Starting Monday, Vivid Entertainment says it will sell its adult films through the online movie service CinemaNow, allowing buyers to burn DVDs that will play on any screen, not just a computer.

It's another first for adult film companies that pioneered the home video market and rushed to the Internet when Hollywood studios still saw it as a threat.

The home video market revolutionised the porn industry, but required a complete revamping of the business model (e.g., the shift from shooting on film to tape for cost purposes and revamping the distribution system). See Boogie Nights for a reasonable fictional representation of the changes.

Some of that affected the Hollywood mainstream as well, but the savings weren't so great, and the studios attempted to maintain the business model that was centered on Theatrical Release. That, and other poor decisions--such as shooting films in television ratio (4:3 instead of 16:9)--belie the optimism of at least one analyst:
"The rest of Hollywood stands back and watches and lets the pornography industry work out all the bugs," [Michael Greeson] said.

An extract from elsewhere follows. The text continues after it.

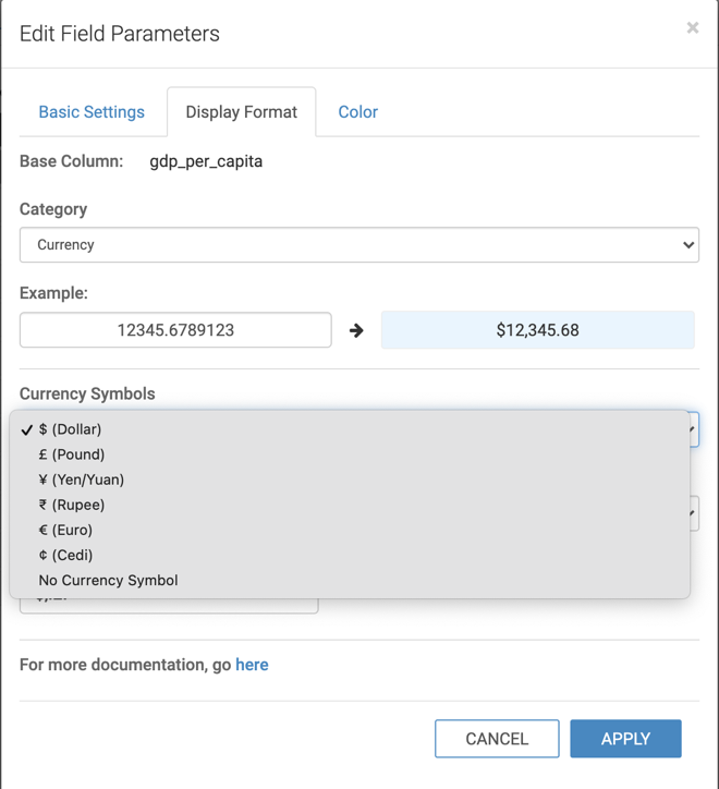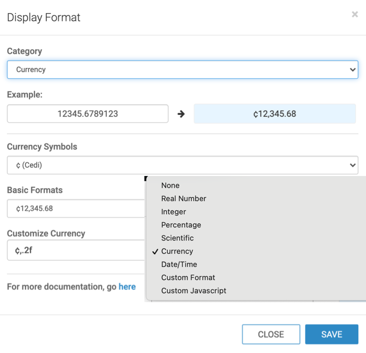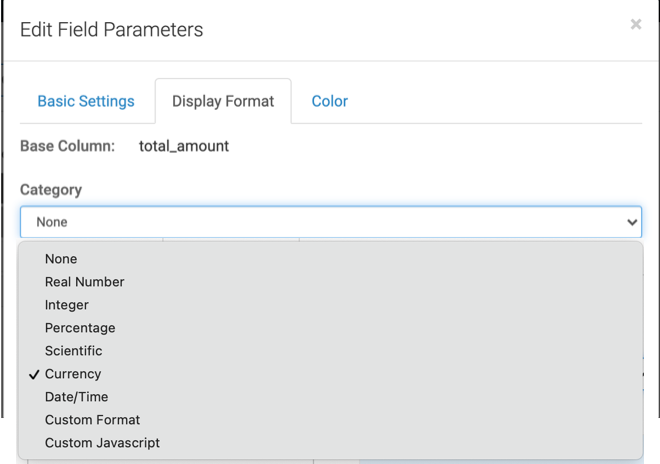 Follow these steps to continue configuring a field at the dataset level for currency format. See Changing the field display format for the initial navigation steps.

Lest we think this is self-promotion, Greeson doesn't work in or with the pornography industry directly--but he benefits from their marketing.
"Leave it to the porn industry once again to take the lead on this stuff," said Michael Greeson, founder of The Diffusion Group, a consumer electronics think tank in Plano, Texas. [emphasis mine]

The article cautions that "[t]here are business and technology factors that make it easier for adult film companies to embrace new technology faster than traditional media." Trust me--or read the whole thing--that they don't raise any technology factors. And what is the main "business" factor?
[The major] studios are hesitant to anger large retailers such as Wal-Mart Stores Inc. and Blockbuster by selling DVD-ready downloads directly to consumers....

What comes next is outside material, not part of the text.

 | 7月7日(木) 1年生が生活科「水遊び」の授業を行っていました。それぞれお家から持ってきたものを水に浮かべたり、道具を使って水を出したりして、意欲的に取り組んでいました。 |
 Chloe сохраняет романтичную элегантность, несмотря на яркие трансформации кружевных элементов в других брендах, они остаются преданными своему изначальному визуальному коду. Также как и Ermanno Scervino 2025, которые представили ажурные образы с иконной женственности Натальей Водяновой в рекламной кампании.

"We don't have to divvy up the pie," said Bill Asher, co-chairman and co-owner of Vivid Entertainment, the largest distributor of adult entertainment. "We sell in smaller stores, mainstream chains, but no one dominant component where we're going to get that phone call."

Translating those two paragraphs: the porn industry revised their business model in the late 1970s and early 1980s to concentrate on expanding their relationship with consumers. The major studios retained (indeed, expanded) their dependency on distributors--not consumers--of their product.

Is it any wonder that Mark Cuban argues that the studios aren't Quite Getting It?